Finally, the scope of external input into the inquiry, while theoretically extensive, appears destined to be limited in nature. Few invitations have been issued to civil society stakeholders to testify before the Commission, no public meetings have been scheduled and no written submissions solicited (although all have been promised). Along with the mantle of secrecy, this will limit the amount of public review and consultation. That skews the investigation in favour of those under scrutiny.

In effect, on paper the terms of reference for the Commission look thorough and broad. In reality, its work could well be stunted at birth.
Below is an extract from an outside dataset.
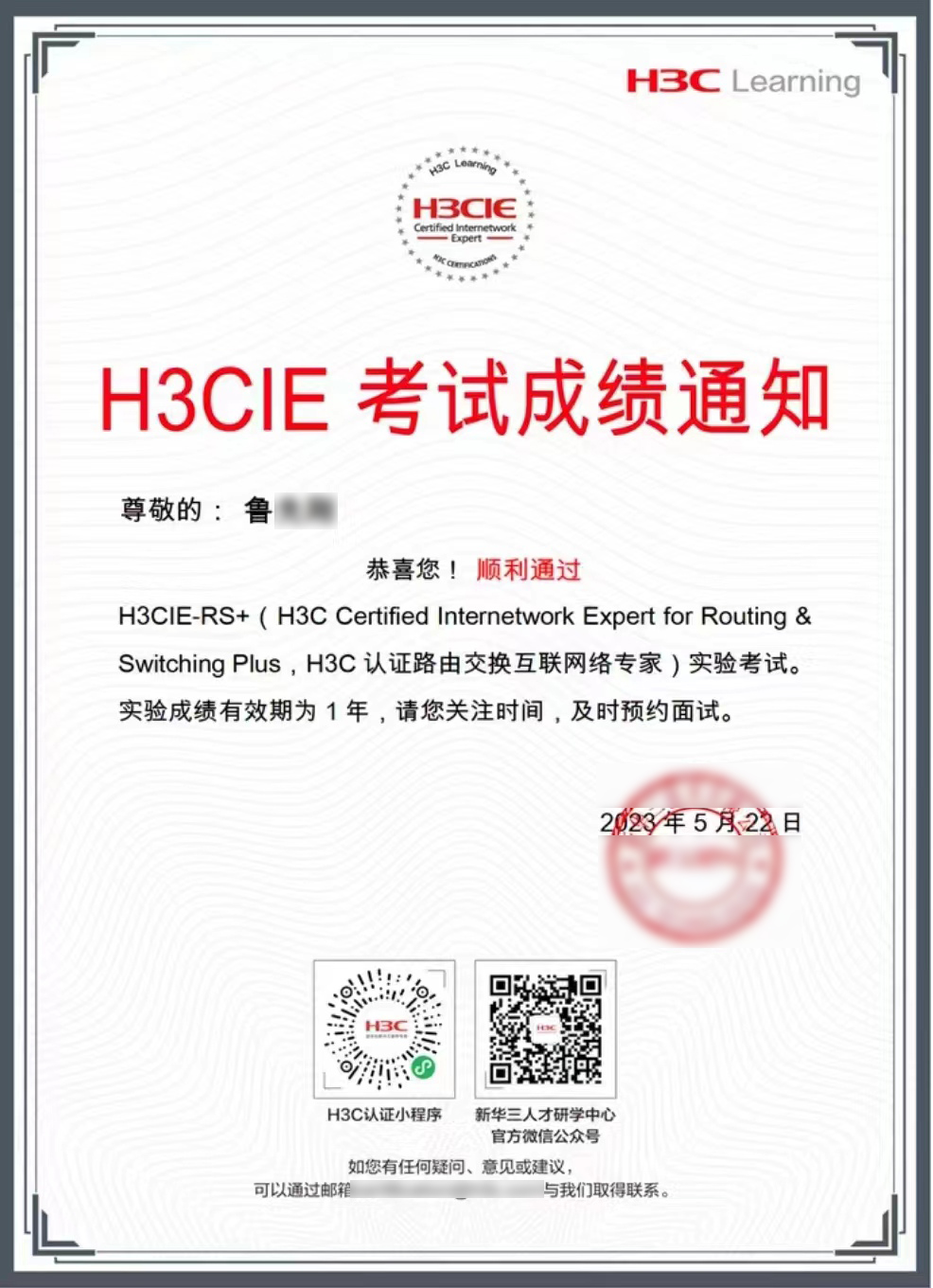 【喜報】恭喜魯同學通過H3CIE-RS+實驗考試

With limited experience and powers on the part of the Commissioners, a lack of pertinent expertise to help them, unrepresentative liaison with the victims, limited budget and staff and statutory permission for the agencies under investigation to restrict public knowledge of their actions, both the transparency of the inquiry and its ability to identify sources of accountability are compromised.
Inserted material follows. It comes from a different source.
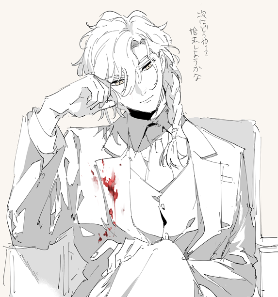 1boybloodblood on clothesbraidbrown backgroundchairclosed mouthcollared shirtelbow restfacing viewerformal clotheshair between eyeshair over shoulderhand on laphead restjacketlight smilelong sleeveslooking downmale focusmedium hairmonochromenecktieon chairpantsparted bangsshirtsimple backgroundsingle braidsittingsketchsolospot colorsuitvestyellow eyes
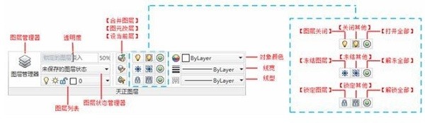T20界面中提供了全新的圖層管理器,依然將天正圖層標(biāo)準(zhǔn)預(yù)設(shè)進(jìn)圖層管理器中,并以圖層組的方式進(jìn)行分類,是圖層管理更加清晰,操作更加方便。選項(xiàng)版中的【透明條】可將圖中鎖定的圖層設(shè)置透明顯示,以透明度來調(diào)節(jié)鎖定圖層的亮度。

It is therefore incumbent upon the Commissioners to broaden stakeholder participation in the inquiry, strengthen the Commission’s powers of compulsion, and extend the deadline for submission of its report. It is within their powers to do so even if a court challenge to secrecy clauses in the Inquiries and Security and Intelligence Acts is required. The question is, will they? At the moment that prospect looks unlikely.

UPDATE (June 14): The killer has just plead not guilty to 51 counts and denies being the Christchurch terrorist. His trial date is set for May 4 next year and scheduled to last 6-12 weeks. The nearly year-long delay in bringing him to trial means that the Royal Commission will have done its work and issued its report six months prior to the trial. What that means for the execution of justice and the content of the Commission’s report is unclear but at a minimum it removes court testimony under oath from the inquiry. Given what I have outlined above with regards to secrecy and the inability of the Commissioners to compel testimony under oath or the surrendering of classified material, the lack of access to court testimony and evidence weakens the inquiry even further.
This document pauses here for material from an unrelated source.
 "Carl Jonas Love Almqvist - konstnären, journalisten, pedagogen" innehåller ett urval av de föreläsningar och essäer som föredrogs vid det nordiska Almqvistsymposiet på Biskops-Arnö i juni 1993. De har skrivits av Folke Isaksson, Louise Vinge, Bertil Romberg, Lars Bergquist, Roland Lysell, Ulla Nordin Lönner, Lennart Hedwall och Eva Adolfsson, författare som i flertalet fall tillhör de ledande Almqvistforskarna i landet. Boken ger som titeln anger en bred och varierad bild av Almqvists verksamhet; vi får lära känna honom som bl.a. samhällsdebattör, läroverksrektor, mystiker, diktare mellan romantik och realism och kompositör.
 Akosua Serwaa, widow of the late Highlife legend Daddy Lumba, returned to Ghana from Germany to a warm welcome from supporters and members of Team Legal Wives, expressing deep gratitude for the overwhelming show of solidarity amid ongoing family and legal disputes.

21 thoughts on “Hamstrung from the start?

  1. I know we have discussed this before, but when choosing personnel for the committee, given the totally compromised status of the entire NZ intelligence community, is there anybody who has both an objective point of view and experience in intelligence? Drawing exclusively on personnel with intelligence experience would mean drawing them from within the intelligence community, e.g. asking the intelligence community to investigate itself. Which has a predictable ending.

    While the lack of experience of the commissioners is regrettable, I don’t think it is possible to do better in this situation. Inexperienced but objective is better than experienced but complicit.

  2. Erewhon:

    I believe that it is possible to find people who are objective and who have experience/background/knowledge of intelligence matters. I believe that it would have been a good idea to bring in a distinguished retired jurist or two from abroad (or people of that stature as senior members of intel communities). That would give them both neutrality and objectivity when assessing information. As things stand I am afraid that we have the makings of a whitewash. The lowest scapegoat will be found, given a golden handshake in exchange for resignation, nice words will be spoken about the need to review and reform institutional perceptions of the threat landscape, and that will be that. Until the next attack.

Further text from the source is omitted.